### [PROVIDED DATA]
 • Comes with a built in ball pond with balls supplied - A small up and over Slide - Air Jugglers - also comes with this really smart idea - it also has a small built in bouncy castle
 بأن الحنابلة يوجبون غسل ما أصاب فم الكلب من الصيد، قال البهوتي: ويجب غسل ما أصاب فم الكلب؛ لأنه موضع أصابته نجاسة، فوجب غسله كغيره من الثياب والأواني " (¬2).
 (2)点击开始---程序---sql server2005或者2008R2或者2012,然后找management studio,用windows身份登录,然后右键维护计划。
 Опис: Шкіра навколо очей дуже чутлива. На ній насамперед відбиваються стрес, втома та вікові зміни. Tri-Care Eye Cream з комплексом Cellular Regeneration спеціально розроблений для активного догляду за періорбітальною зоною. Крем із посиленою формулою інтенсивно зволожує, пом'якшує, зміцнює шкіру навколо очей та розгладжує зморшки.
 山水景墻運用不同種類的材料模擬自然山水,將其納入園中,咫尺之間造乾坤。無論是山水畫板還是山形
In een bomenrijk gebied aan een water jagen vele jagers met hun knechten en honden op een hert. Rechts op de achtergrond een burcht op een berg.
==
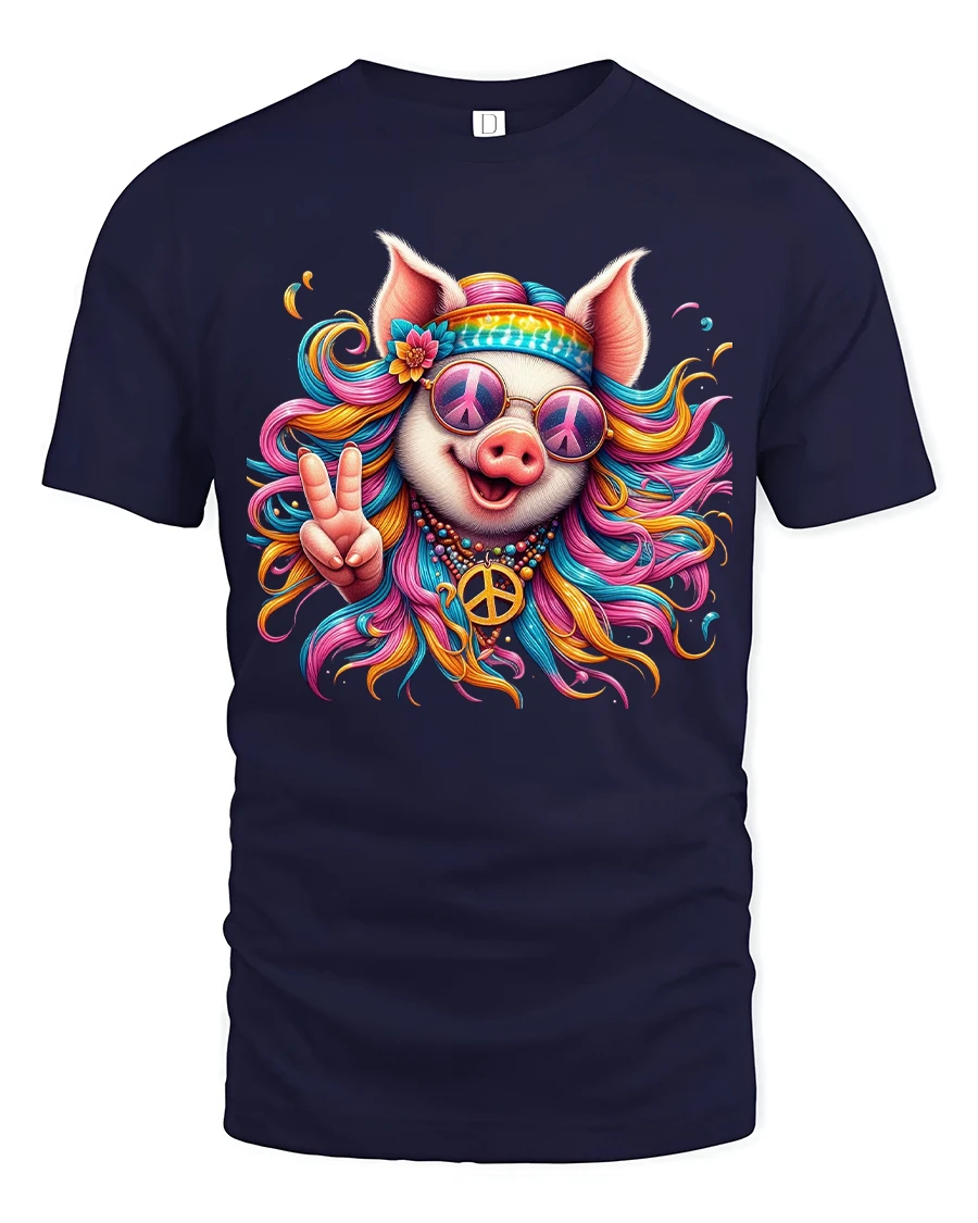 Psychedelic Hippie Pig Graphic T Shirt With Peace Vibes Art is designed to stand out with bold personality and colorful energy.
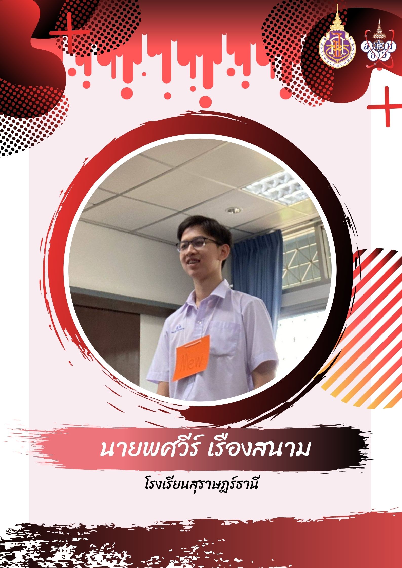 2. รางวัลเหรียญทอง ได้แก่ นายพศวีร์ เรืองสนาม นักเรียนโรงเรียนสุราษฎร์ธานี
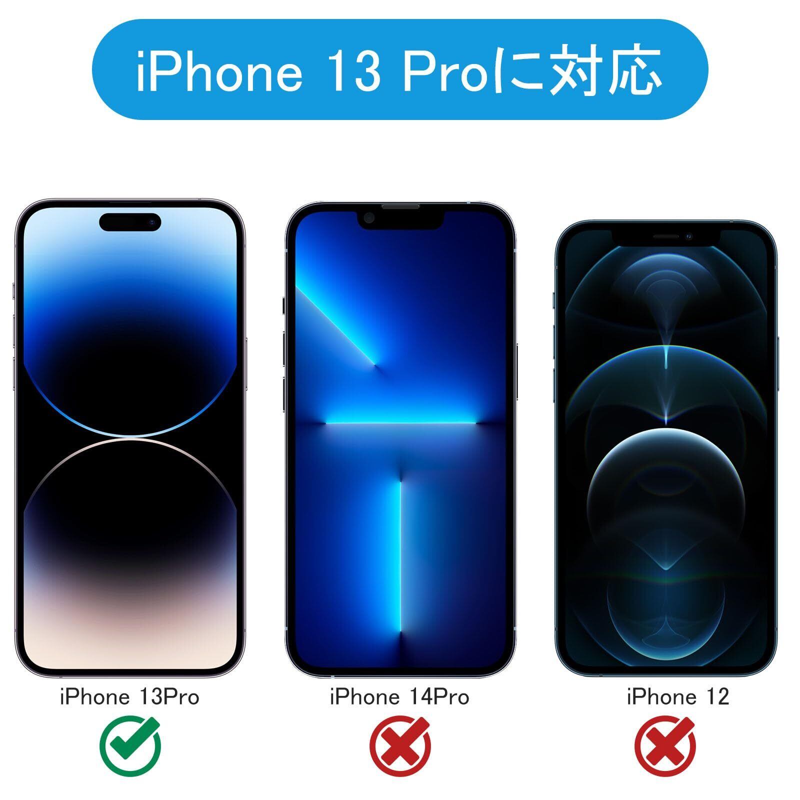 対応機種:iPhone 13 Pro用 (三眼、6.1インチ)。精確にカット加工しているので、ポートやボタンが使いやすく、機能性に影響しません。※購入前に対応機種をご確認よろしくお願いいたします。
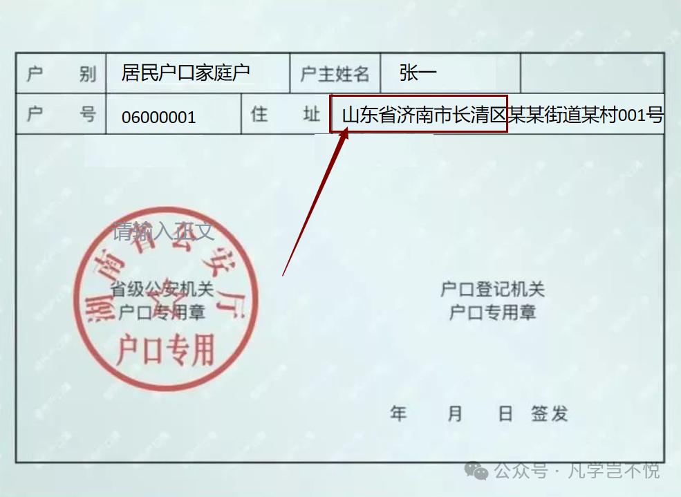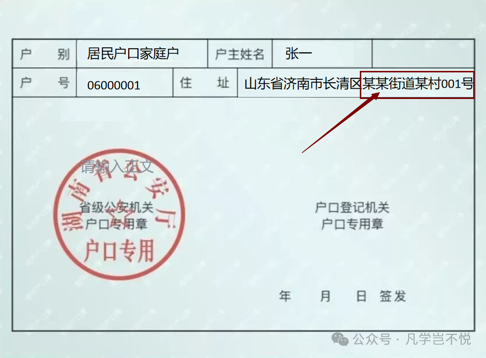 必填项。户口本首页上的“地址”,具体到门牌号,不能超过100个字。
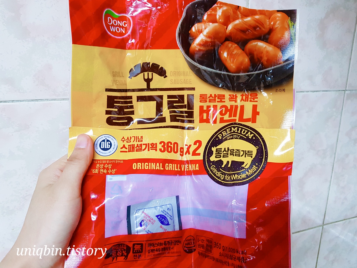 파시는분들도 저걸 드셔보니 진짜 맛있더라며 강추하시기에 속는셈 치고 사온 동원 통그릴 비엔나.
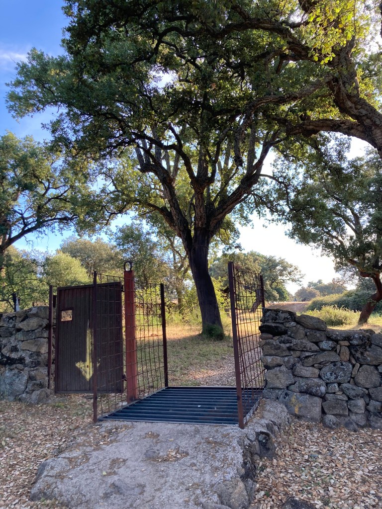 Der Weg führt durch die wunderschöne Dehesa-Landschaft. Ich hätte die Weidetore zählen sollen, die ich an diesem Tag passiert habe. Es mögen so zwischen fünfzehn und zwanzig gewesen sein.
---
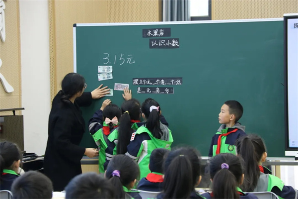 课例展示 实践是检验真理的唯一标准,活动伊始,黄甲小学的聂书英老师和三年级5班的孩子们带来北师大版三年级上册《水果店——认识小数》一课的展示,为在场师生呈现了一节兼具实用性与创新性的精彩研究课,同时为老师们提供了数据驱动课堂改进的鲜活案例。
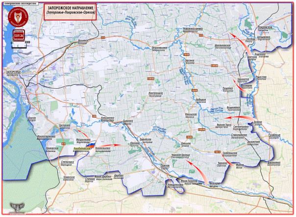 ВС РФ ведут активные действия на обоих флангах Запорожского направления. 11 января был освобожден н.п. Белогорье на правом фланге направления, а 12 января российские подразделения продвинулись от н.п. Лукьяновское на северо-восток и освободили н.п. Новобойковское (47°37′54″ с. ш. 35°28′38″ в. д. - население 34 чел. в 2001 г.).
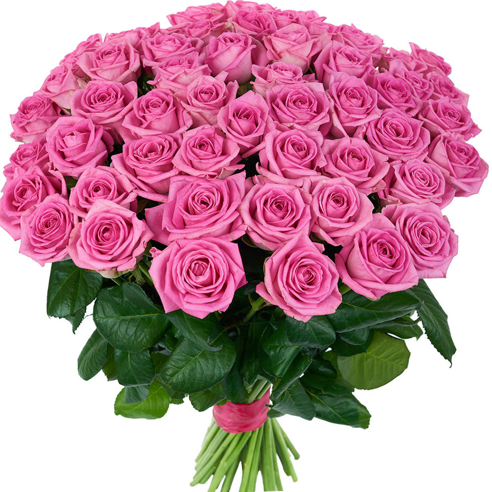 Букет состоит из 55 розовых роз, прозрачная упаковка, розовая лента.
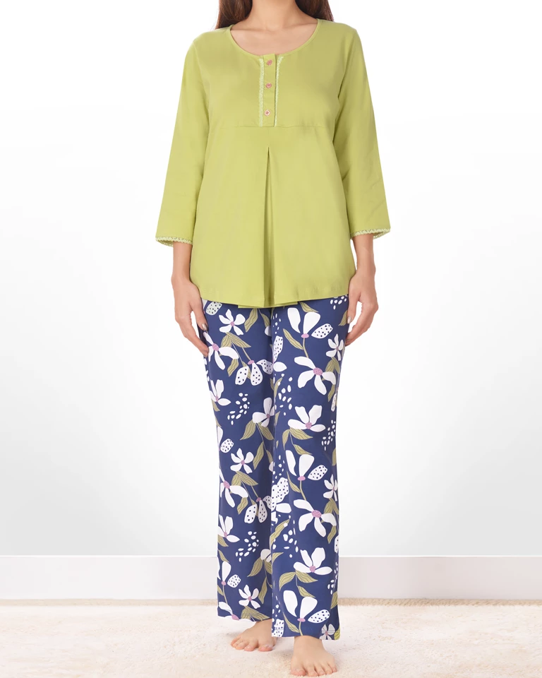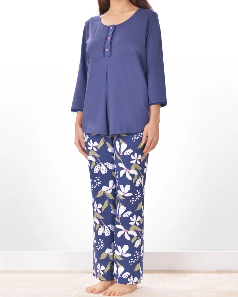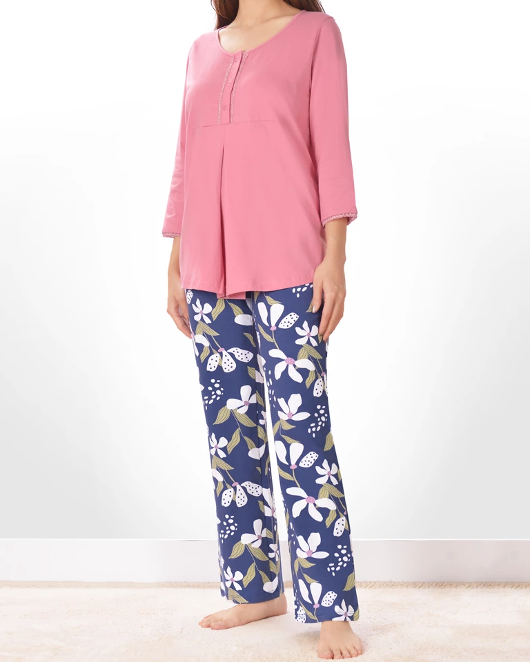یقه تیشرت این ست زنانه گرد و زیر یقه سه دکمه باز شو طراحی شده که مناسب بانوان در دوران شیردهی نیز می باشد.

### [ASSIGNMENT]
The lines above from the one containing "Опис: Шкіра навколо" through the one containing "In een bomenrijk" are to be set down exactly, and no others.

### [COMPLETED EXERCISE]
 Опис: Шкіра навколо очей дуже чутлива. На ній насамперед відбиваються стрес, втома та вікові зміни. Tri-Care Eye Cream з комплексом Cellular Regeneration спеціально розроблений для активного догляду за періорбітальною зоною. Крем із посиленою формулою інтенсивно зволожує, пом'якшує, зміцнює шкіру навколо очей та розгладжує зморшки.
 山水景墻運用不同種類的材料模擬自然山水,將其納入園中,咫尺之間造乾坤。無論是山水畫板還是山形
In een bomenrijk gebied aan een water jagen vele jagers met hun knechten en honden op een hert. Rechts op de achtergrond een burcht op een berg.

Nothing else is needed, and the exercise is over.